Here are the five [presumably main] questions from Lents’ book. These are typical Darwinist “gotcha” questions for Intelligent Design proponents and are therefore worth addressing:
- Why are we designed with nonfunctional pseudogenes?
- Why do our nasal sinuses drain upward?
- Why are humans so bad at absorbing vitamins and minerals?
- Why do humans have muscles and bones that have no function?
- Why are humans so inefficient with reproduction?
These are childish questions that Darwinists like to pose to the ID proponents. And why are these questions specifically for ID proponents when the Darwinists can offer no more than “just so” stories in response? If you think these observations are incompatible with design, you’re badly mistaken as they only demonstrate an utter lack of design principles understanding.
And here are some answers that apply to all the above questions:
- Just because you don’t see a function, doesn’t mean there is no function. The function may be temporary rather than permanent – it may be active only in certain phases of embryonic development or other special circumstances.
- We’re doing just fine with these “flaws”. Engineering is not about “perfect” design, but about getting the job done… and the job is getting done nicely.
- Engineers do ‘platform design’ which means certain makes and models will not implement all functions and appear to be designed with “vestigial organs” (e.g. some cars have fog lamp sockets but no fog lamps).

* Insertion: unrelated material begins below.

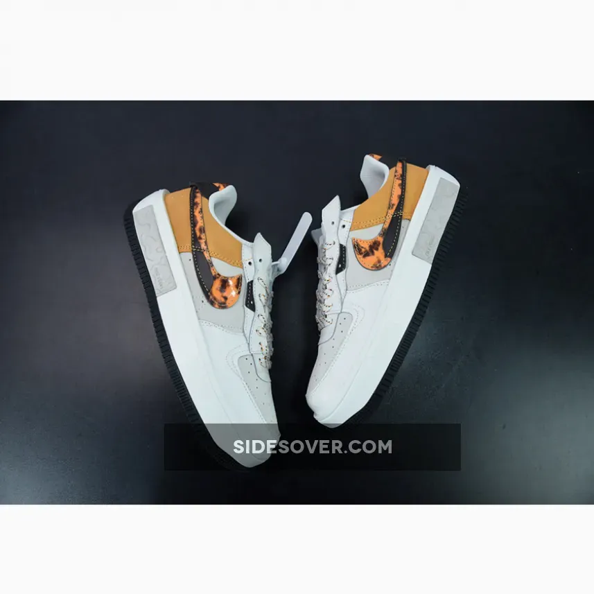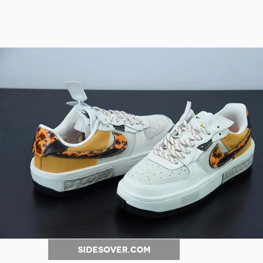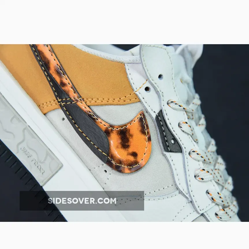 The Nike Air Force 1 Fontanka dons a nice mix of grey and orange with a touch of tortoiseshell. Check out the sherbet-looking Nike Air Force 1 Fontanka White Orange with a twist. A dove grey suede dresses up the base while smooth white leather takes over on the toe cap and the eyestay panel. A melon-coloured suede heel panel adds a touch of contrast to the upper. What gives this shoe a unique personality is the tortoiseshell Swooshes on the quarters with brown tumbled leather accents sewn over the bottom halves. The brandless heel tab follows the Swoosh treatment. The white laces feature brown and orange patterns.
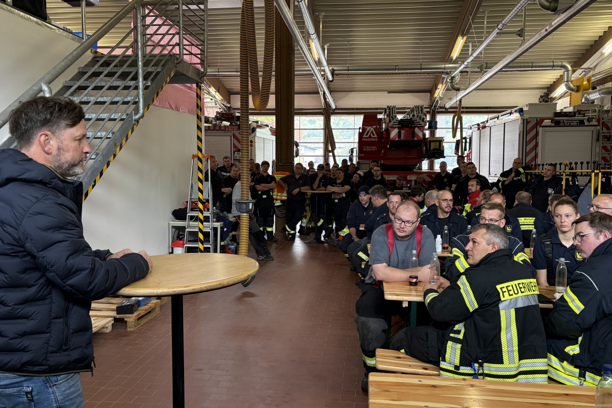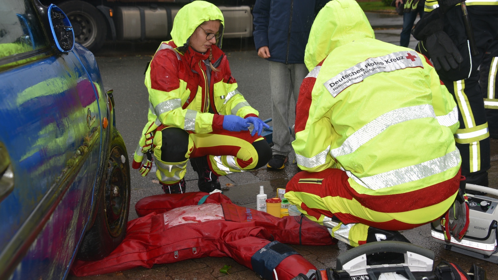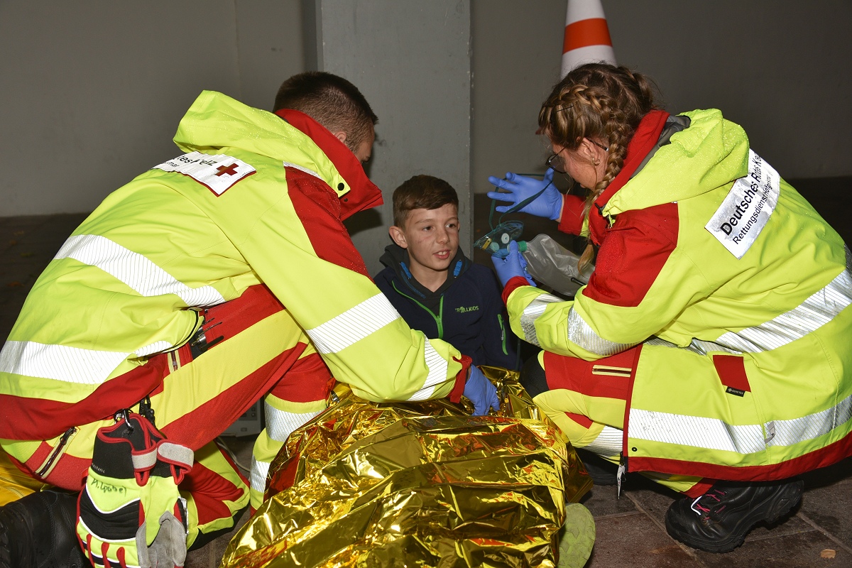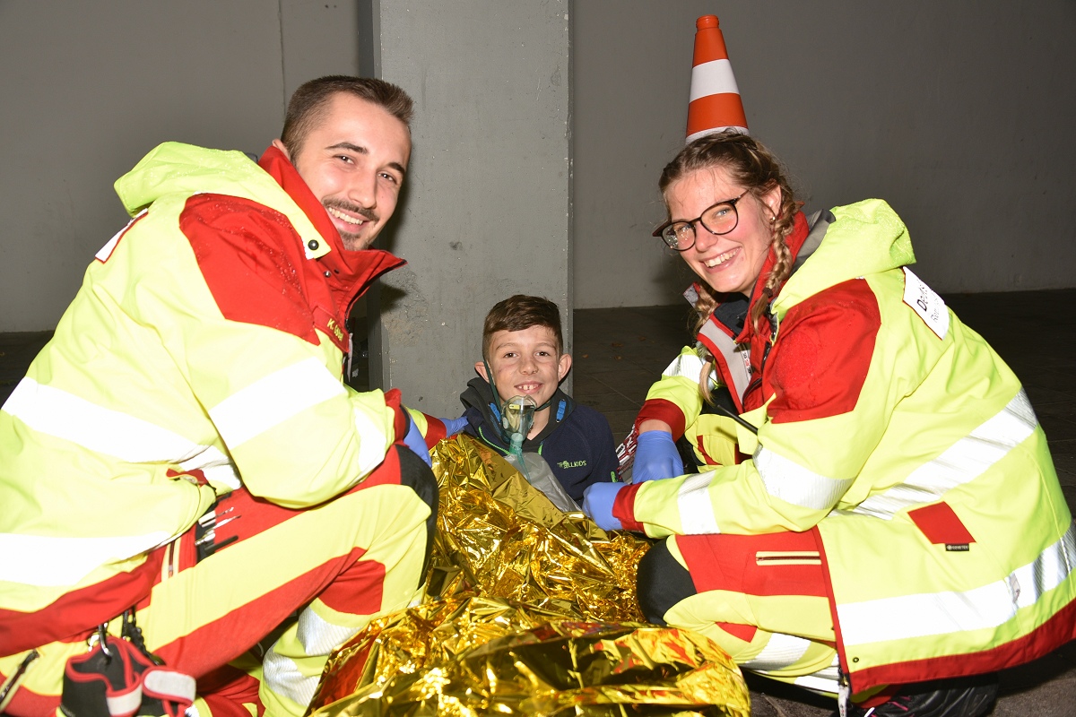 Die Übung war in vier Szenarien gegliedert, die an unterschiedlichen Orten in Beverungen und Dalhausen stattfanden. Bei einer Übung im Industriegebiet Beverungen mussten die Einsatzkräfte ein Kind retten, das unter einem Pkw eingeklemmt war. Da passendes technisches Gerät nicht verfügbar war, stand die Feuerwehr vor einer kniffligen Aufgabe und musste mit dem vorhandenen Material improvisieren. Parallel kümmerte sich der Rettungsdienst um die Versorgung des kleinen Patienten. „Für sie eine besondere Herausforderung, da Medikamente bei Kindern exakt nach Körpergewicht dosiert werden müssen“, sagt der Feuerwehr-Ausbilder und Notfallsanitäter Jan Nolte, der für dieses Szenario verantwortlich war und auch seine Kinder Lennart (10) und Jonathan (7) als vom Einsatz betroffene Kinder eingebunden hat. Ein weiteres Szenario führte die Kräfte in die verwinkelten Versorgungsgänge der Stadthalle Beverungen, in dem eine Brandmeldeanlage ausgelöst hatte. Die Ursache: Ein Brand mit einer starken Verrauchung in einem Technikraum. „Unbekannte Fluchtwege und die Orientierung über Feuerwehrpläne machten die Lage anspruchsvoll“, erklärte Alexander Bönning. Während die Feuerwehr im Inneren tätig war, blieb der Rettungsdienst in Bereitschaft und musste nachher doch noch einen kleinen Patienten mit einer Rauchgasvergiftung behandeln.

- What looks like suboptimal design to the untrained eye can be due to Design for Manufacturability and other design tradeoffs including design for
- Development Status and Cost
- Many design decisions are simply driven by esthetics. Designers chose forms and features based on their own personality and, once these decisions are made, technical solutions must follow.
- These “questions” are arguments from incredulity against Intelligent Design which is ironic as Darwinists are the ones most likely to complain about this type of arguments.